VII. Conclusion and 2026 Outlook: Embracing the Era of "New Web3 Tycoons"
Looking back, Liem Sioe Liong rose from a lilac vendor to Asia's richest man because he understood the "game" of that era—Suharto needed an economic pillar, and this pillar had to be built on monopolies and financial leverage.
The Web3 industry in 2026 is at just such a moment.

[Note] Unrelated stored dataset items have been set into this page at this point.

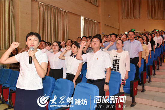94名2019年新進教師帶著青春的朝氣,懷著為教育事業奮斗終身的信念,舉起右手在國旗下莊嚴宣誓。新進教師紛紛表示,這樣的儀式讓他們更有歸屬感和使命感,也能讓濰院精神更好地融入到教書育人的實踐中。
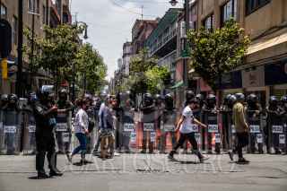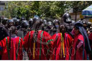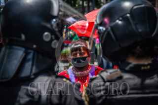 CIUDAD DE MÉXICO, 16JULIO2020.- La organización de Pueblos Artesanos Indigenas se manifestaron en el cruce de la Avenida Izazaga y Pino Suarez para exigir apoyo económico al Gobierno de la Ciudad. Elementos de seguridad rodearon las calles para evitar que los manifestantes recorrieran las calles. FOTO: ANDREA MURCIA/CUARTOSCURO.COM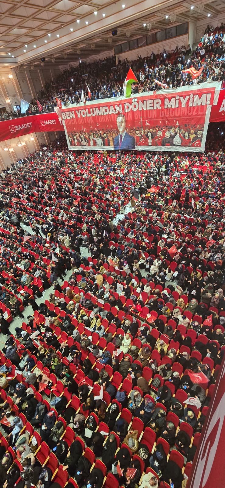 Yaklaşık 30 bin kişinin katıldığı programda teşkilatların ortaya koyduğu yüksek motivasyon dikkat çekerken, salonda oluşan atmosfer Saadet Partisi’nin seçim sürecine güçlü bir başlangıç yapıldığını gözler önüne serdi.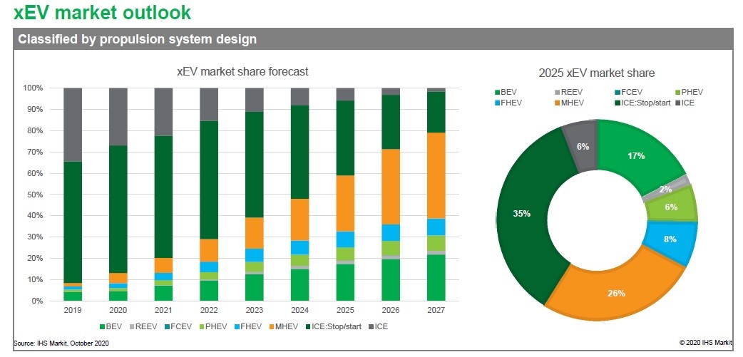 图1:2019-2027年xEV市场展望(来源:IHS Markit)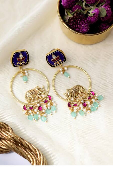 Gold chandbali earrings featuring a carved tusker motif with kundan, bead, and pearl embellishments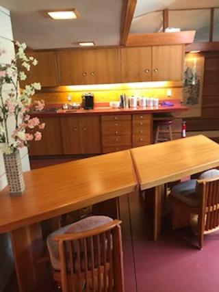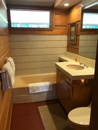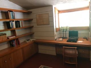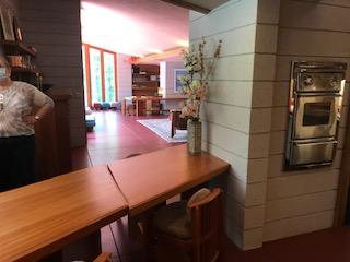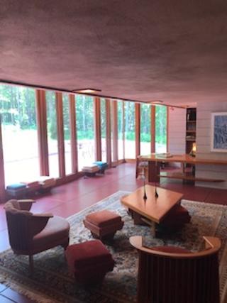 The tour began at the Treetops Restaurant. Besides the ticket office for the venue this building houses a restaurant with an exquisite dining experience. Food is tasty and the setting bewitching. The owner has crafted unique pod settings for dining enjoyment and even the bathrooms have a FLW design with falling water faucets.

From Grassroots to Tycoons: Those "cryptopunks" who attempt to go it alone and challenge regulation will gradually be marginalized. At the center of the stage are the "new tycoons" like Liem Sioe Liong, who know how to dance with regulation and leverage the capital and pledge of allegiance of figures like Peter Chan (Black Rock/Coinbase/Binance). From Selling Products to Selling Sovereignty: The business model is no longer simply about developing protocols and earning fees, but about building digital city-states (Base, BNB Chain), issuing digital currencies (Stablecoins), and using AI agents to gain a monopoly by controlling infrastructure, thereby obtaining excess profits. It's not that cash flow isn't attractive, but that the giants want everything, not just the cash flow at the end. This is a new mercantilist era ruled by code, driven by capital, and backed by endorsements. In this world, the story of Liem Sioe Liong and Tan Phik Chan hasn't faded away; it's just taken on a different form—the new Liem Sioe Liong is the confidant of exchanges and public chains, the new Tan Phik Chan is Binance/Coinbase/BlackRock, and blockchain is the digital land where they build their next-generation "flour mill." It's not that Web3 lacks narrative, but rather that the narrative has shifted from chronology to biography.